Hacker News new | ask | show | jobs
by Euphorbium 543 days ago
Did they calculate embeddings for the entire archive? That must have cost a fortune.
3 comments

Arxiv has about 2.6M articles, assuming about 10 pages per article, that's 26M pages. According to OpenAI, their cheapest embedding model (text-embedding-3-small) costs a dollar for 62.5K pages. So the price for calculating embedding for the whole Arxiv is about $416.

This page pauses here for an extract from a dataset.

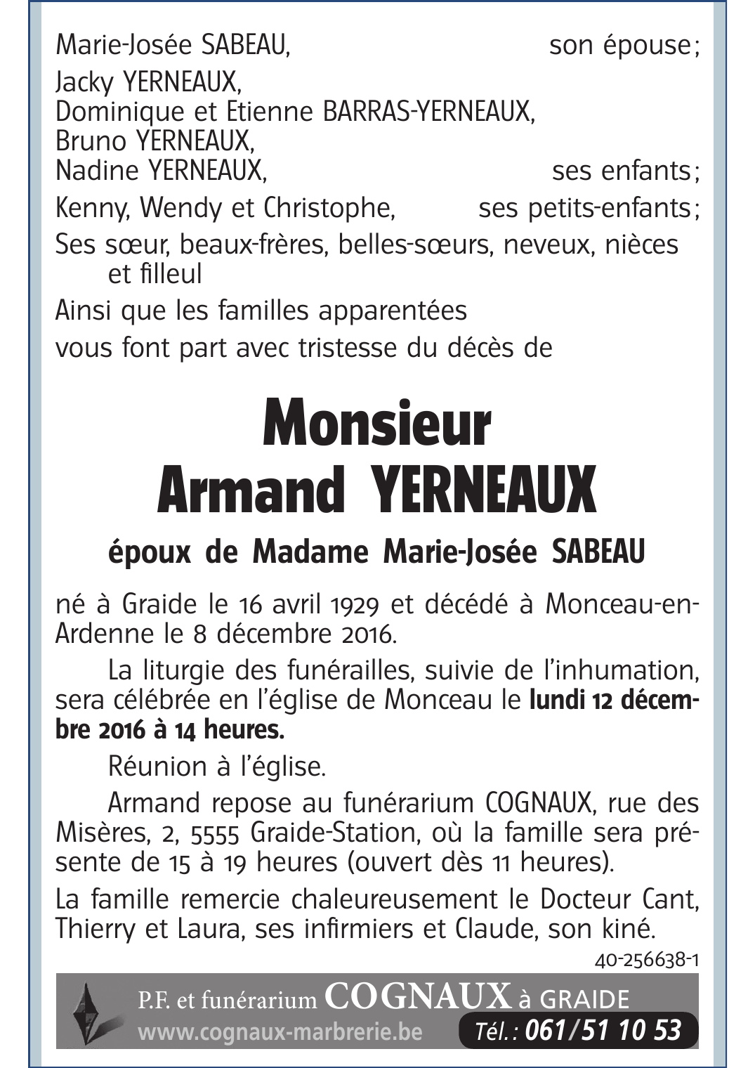 Décédé à Monceau-en-Ardenne (5555) le jeudi 8 décembre 2016 à l'âge de 87 ans

I think doing it locally with an open source model would be a lot cheaper as well. Especially because they wouldn't have to keep using OpenAI's API for each new query.

Edit: I overlooked the about page (https://searchthearxiv.com/about), seems like they *are* using OpenAI's API, but they only have 300K papers indexed, use an older embedding model, and only calculate embeddings on the abstract. So this should be pretty cheap.

Embeddings are very cheap to generate
What are embeddings and why are they expensive?
Embeddings are vectors of chunks of documents, lists of 1024 (depending on a model) float numbers that represent that short snippet of text. This kind of search works by finding the most similar vectors, calculating them cost fractions of the cent, but when you need to do it billions to trillions of times, it adds up.
You could likely calculate them all on a modern MacBook easily enough.

Searching the embeddings is a different problem, but there are lots of specialised databases that can make it efficient.

You can, but it is a scale problem. Doing that would take an unreasonable amount of time at this scale.